> **Task prompt**
Print only the lines from the top of the data through the line with "Color. Illus. England;", both included, skipping every picture.

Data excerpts
Segment Open

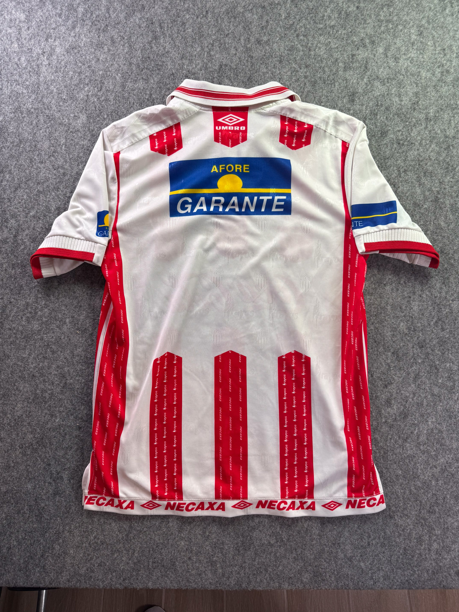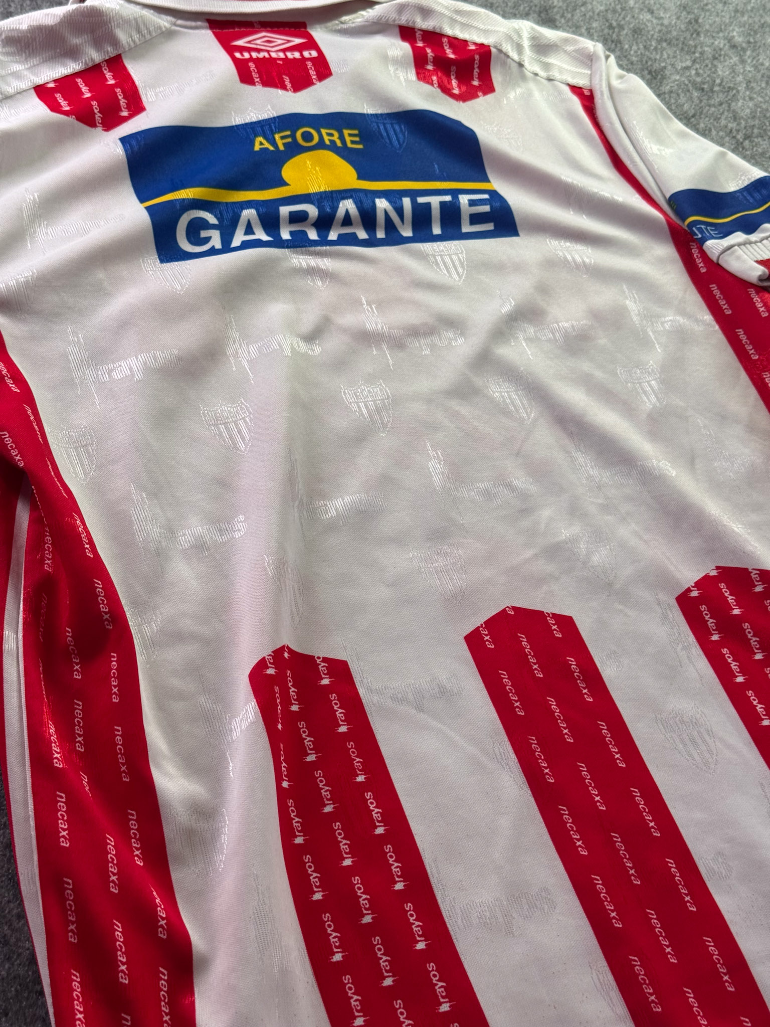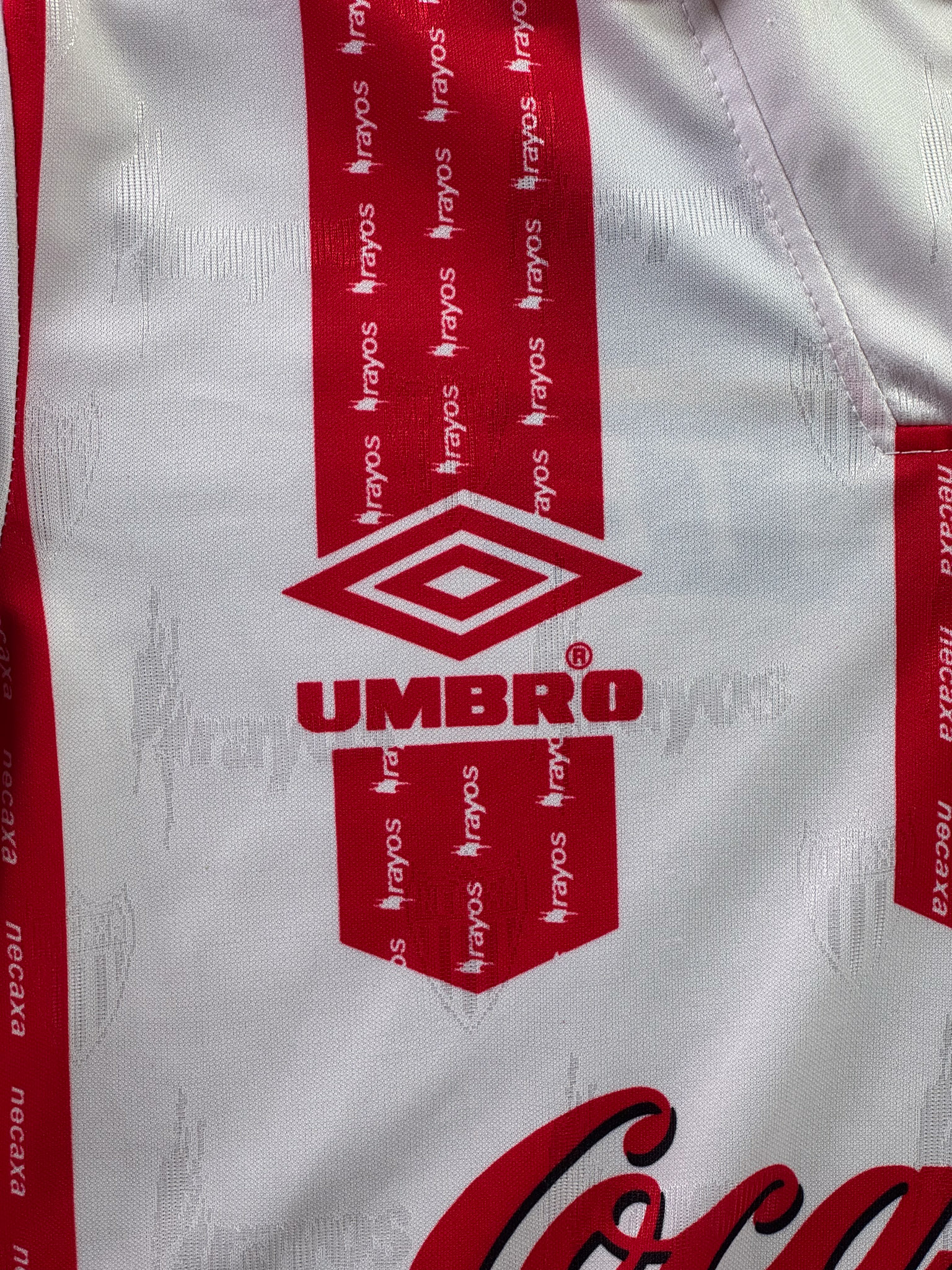 Jersey del Necaxa fabricado por Umbro, originario de México. Se trata de la equipación Local correspondiente a la temporada 99-00. Talla L, con dorsal ‘No’ y en condición Excelente. Detalles: Ninguna.
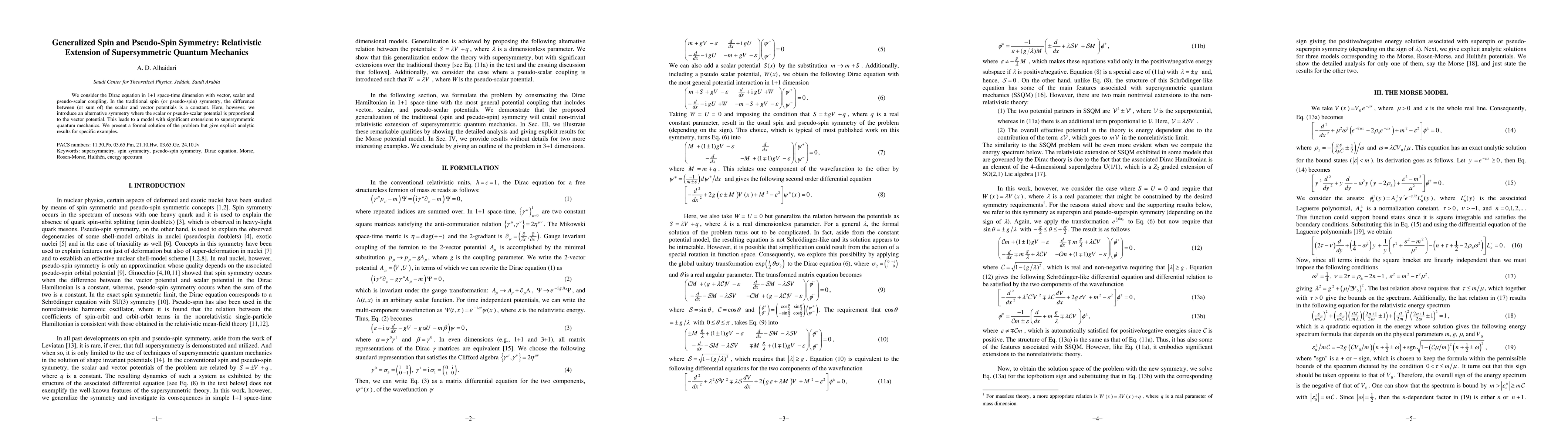 This paper explores a relativistic extension of supersymmetric quantum mechanics in 1+1 dimensions by introducing generalized spin and pseudo-spin symmetry. It proposes a novel symmetry where scalar or pseudo-scalar potentials are proportional to the vector potential, providing a significant extension to traditional models.
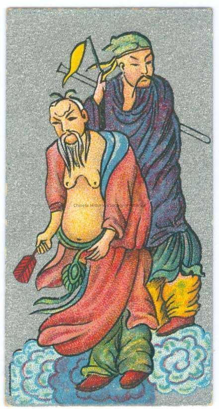 Color. Illus. England; London; Cavanders Ltd.: Silver background with 2 illus. of 2 immortal Gods, one is Han Chung-le the fat man and the other is Leu Tung-pin carrying a sword.
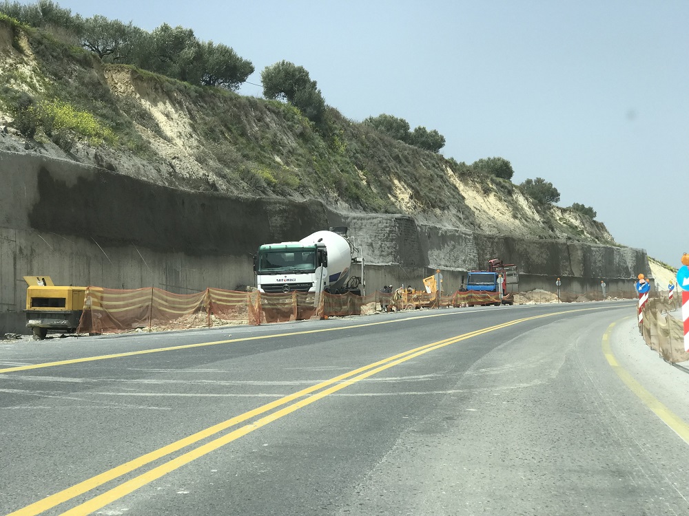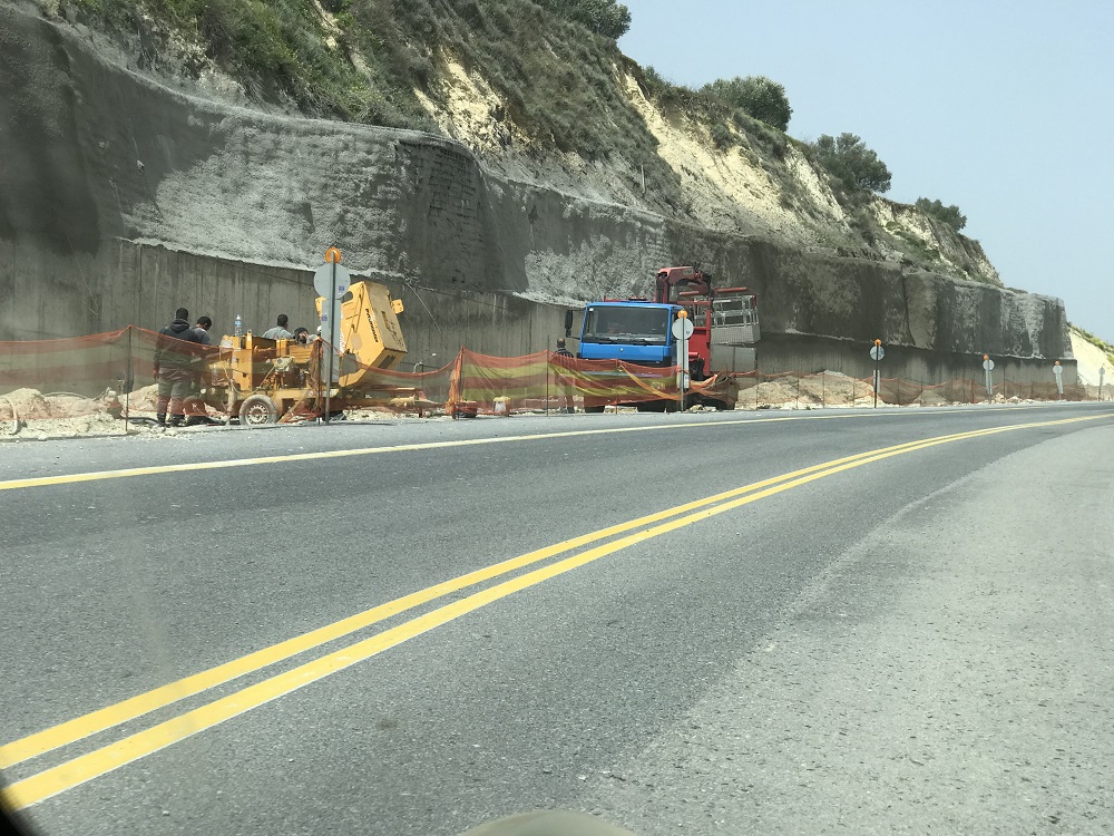 Προ ημερών ο εργολάβος που έχει αναλάβει την συγκεκριμένη κατασκευή άρχισε ξανά να αποκαθιστά τα προβληματικά σημεία του έργου του σηκώνοντας τα χοντρά πλέγματα από το έδαφος και ρίχνοντας επάνω τους τόνους τσιμέντου για να τα σταθεροποιήσει πάνω στο χώμα.
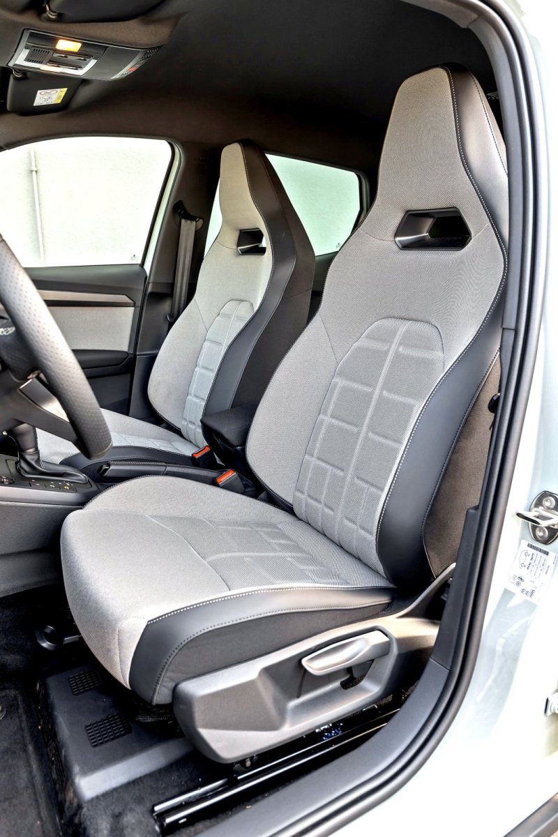 Seat, podobnie jak Ford, ma szereg mocnych stron, a wśród nich: szybko reagujący ekran, najlepsza widoczność w przód, czytelne wskaźniki z najbardziej rozbudowanymi możliwościami indywidualizacji wskazań oraz szereg estetycznych akcentów w kokpicie. Pozycja za kierownicą jest dość wysoka, a fotele wersji FR ze zintegrowanymi zagłówkami są całkiem obszerne, jednak brakuje im regulacji podparcia lędźwiowego. Przywyknąć trzeba również do nieco „rozczłonkowanego” menu – dostęp do różnych ustawień początkowo wymaga zgłębienia jego struktury.

Segment Closed

> **Solution for this problem**
 Jersey del Necaxa fabricado por Umbro, originario de México. Se trata de la equipación Local correspondiente a la temporada 99-00. Talla L, con dorsal ‘No’ y en condición Excelente. Detalles: Ninguna.
 This paper explores a relativistic extension of supersymmetric quantum mechanics in 1+1 dimensions by introducing generalized spin and pseudo-spin symmetry. It proposes a novel symmetry where scalar or pseudo-scalar potentials are proportional to the vector potential, providing a significant extension to traditional models.
 Color. Illus. England; London; Cavanders Ltd.: Silver background with 2 illus. of 2 immortal Gods, one is Han Chung-le the fat man and the other is Leu Tung-pin carrying a sword.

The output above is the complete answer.